Ingolstadt
Eine Stadt hörbar machen

Der Historische Verein setzt sich für ein zweites Glockenspiel in Ingolstadt ein

11.10.2018 | Stand 23.09.2023, 4:37 Uhr
Ähnlich wie in der Dollstraße könnte die Glocken an anderer Stelle der Innenstadt erklingen. −Foto: Estel

Ingolstadt (DK) Ingolstadt ist eine an Traditionen nicht arme Stadt, wie die meisten Schanzer wissen.

Dazu gehört das reiche Musikleben gerade im 19. Jahrhundert - der Bayerische Defiliermarsch ist wohl das berühmteste Beispiel. Weniger bekannt ist, dass Ingolstadt auch auf eine lange Reihe von Glockengießern zurückblicken kann. Seit dem 16. Jahrhundert lassen sich zahlreiche Werkstätten nachweisen. Erst in den 60er-Jahren des vergangenen Jahrhunderts hat Wendelin Vielwert an der Beckerstraße seine letzte Form gegossen. Der Historische Verein möchte beide Traditionen zusammenbringen und setzt sich für ein weiteres Glockenspiel in Ingolstadt ein - in der Dollstraße ertönt bekanntlich zur Mittagszeit immer eine Melodie.

Bei einem Informationsabend im Barocksaal im Stadtmuseum erläuterten der letzte bayerische Glockengießer, Rudolf Perner aus Passau, und der Carillonspieler Bastian Fuchs aus Eichstätt die Einzelheiten, Hintergründe und Unterschiede.
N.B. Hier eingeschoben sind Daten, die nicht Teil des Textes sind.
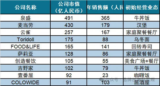 图表 25 日本餐饮行业市值前十公司基本情况介绍

Denn der Fachmann unterscheidet zwischen einem Glockenspiel, das zu festgesetzten Zeiten eine Melodie abspielt (das bekannteste Beispiel findet sich am Münchener Rathaus), und einem Carillon, das man sich wie ein Klavier vorstellen muss: Die "Tasten" sind jeweils mit einer Glocke verbunden, ein Musiker kann also konzertant verschiedene Melodien spielen. Auch eine elektronische Steuerung ist möglich. "Ein Glockenspiel ist ein Glockenspiel, ein Carillon ist ein Instrument", erläuterte Perner den Unterschied.

Der Glockengießer aus Passau erklärte den Zuhörern die lange Geschichte und die langwierige Herstellung von Glocken. "Jede Glocke ist einzigartig", sagte Perner, wobei erst im Zusammenspiel ihre ganze Klangfülle zum Tragen kommt. Er muss es wissen, hat er doch neben vielen kleineren auch die größte und tontiefste Glocke Bayerns gegossen: Sie wiegt zehn Tonnen und hängt im Kloster Scheyern.

Glockenspiele und Carillons benötigen wenig Platz und hängen oft in Türmen, aber auch im Freien. Es gibt sogar mobile Carillons, die auf einem Anhänger transportiert werden können. Auf so einem Instrument mit über 20 Glocken eröffnete der Eichstätter Bastian Fuchs 2013 das Regensburger Bürgerfest - mit der Bayernhymne. Denn auf einem Carillon kann man prinzipiell alles spielen - und man kann auch mit anderen Instrumenten zusammen Konzerte geben. Ob Blasmusik, ein Jazzensemble, ein klassisches Orchester oder Elektrosounds - es gibt praktisch keine Grenzen.

"Ein Carillon ist etwas Bleibendes", warb Perner für das Instrument: "Es macht eine Stadt hörbar. " Bei Gelegenheiten wie den Jazztagen oder etwa den Audi-Sommerkonzerten, bei Festen oder wenn hoher Besuch kommt könnte ein Glockenspiel oder ein Carillon erklingen.

Über einen möglichen Standort hat sich der Historische Verein auch schon Gedanken gemacht: Rathausplatz, Viktualienmarkt, Paradeplatz, Carraraplatz, Klenzepark, das neue Landesgartenschaugelände oder im Reduit Tilly wären prinzipiell denkbar. Mit so einem Carillon würde auch ein weißer Fleck auf der Landkarte getilgt, denn die nächsten sind in München und in Würzburg. Die Kosten für so ein Instrument liegen im sechsstelligen Bereich, wobei natürlich Patenschaften für einzelne Glocken übernommen werden können. Denn mindestens 23 sollten es schon sein.